Neuroevolutionary Reinforcement Learning for Generalized Control of Simulated Helicopters
Rogier Koppejan and Shimon Whiteson
Abstract
This article presents an extended case study in the application of neuroevolution to generalized simulated helicopter hovering, an important challenge problem for reinforcement learning. While neuroevolution is well suited to coping with the domain's complex transition dynamics and high-dimensional state and action spaces, the need to explore efficiently and learn on-line poses unusual challenges. We propose and evaluate several methods for three increasingly challenging variations of the task, including the method that won first place in the 2008 Reinforcement Learning Competition.

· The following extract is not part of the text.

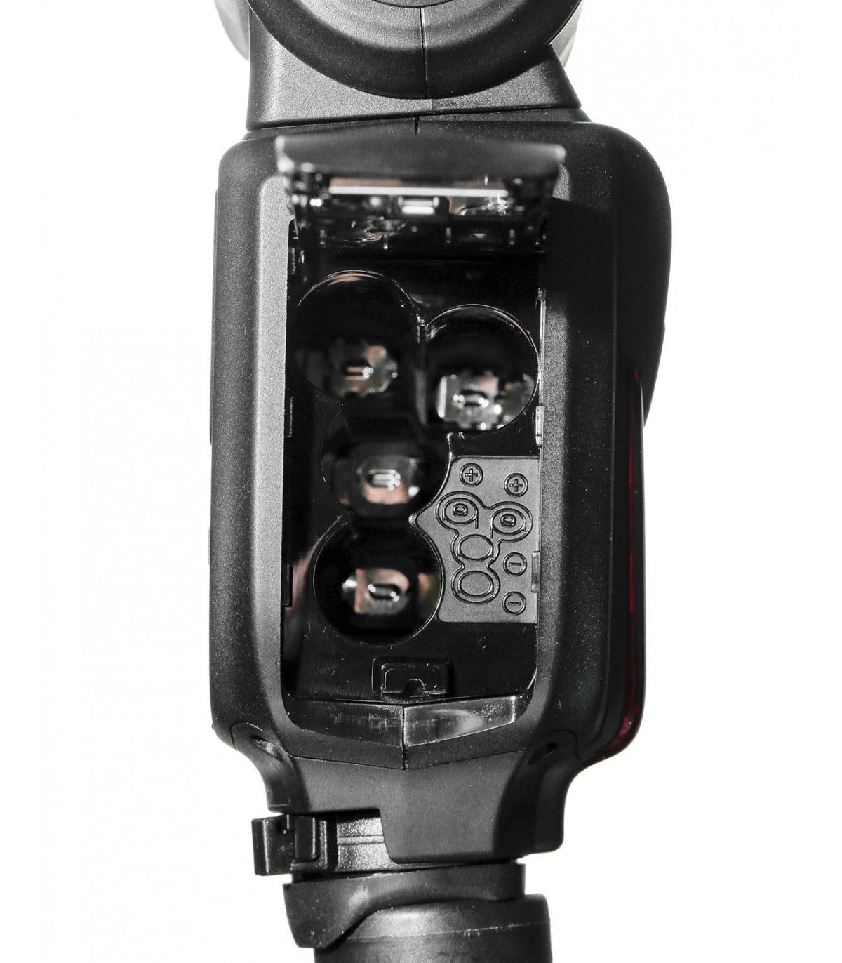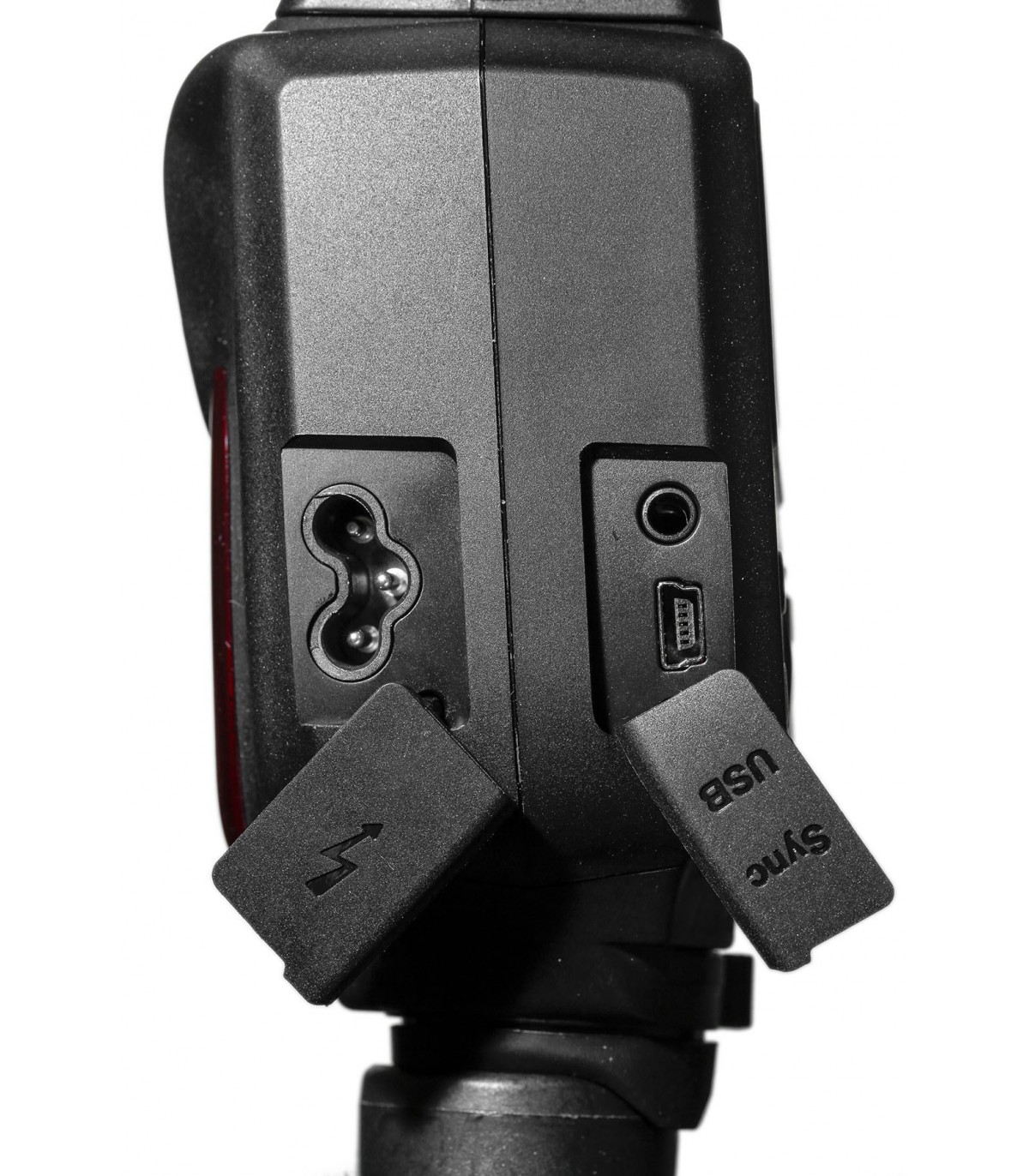 از دیگر درگاه‌های این فلاش می‌توان به ورودی باتری خارجی اشاره کرد. این فلاش که با ۴ باتری قلمی به کار می‌افتد و زمان بازیابی قدرت آن ۰٫۱ تا ۵ ثانیه است - که البته در حالت سریع، حداکثر زمان به ۲٫۵ ثانیه کاهش می‌یابد. کاربر می‌تواند با اتصال مایتراس‌پلاس به باتری‌های خارجی مانند پک باتری ایندرا فوتیکس، علاوه بر کاهش زمان بازیابی قدرت این فلاش، تعداد تخلیه‌ی فلاش را به چند هزار تخلیه با قدرت کامل افزایش دهد.

The results demonstrate that 1) neuroevolution can be effective for complex on-line reinforcement learning tasks such as generalized helicopter hovering, 2) neuroevolution excels at finding effective helicopter hovering policies but not at learning helicopter models, 3) due to the difficulty of learning reliable models, model-based approaches to helicopter hovering are feasible only when domain expertise is available to aid the design of a suitable model representation and 4) recent advances in efficient resampling can enable neuroevolution to tackle more aggressively generalized reinforcement learning tasks. NOTE: This article contains a minor error in that action features a1 and a2 have been swapped in Table 2. The accompanying source code to which the article refers is correct.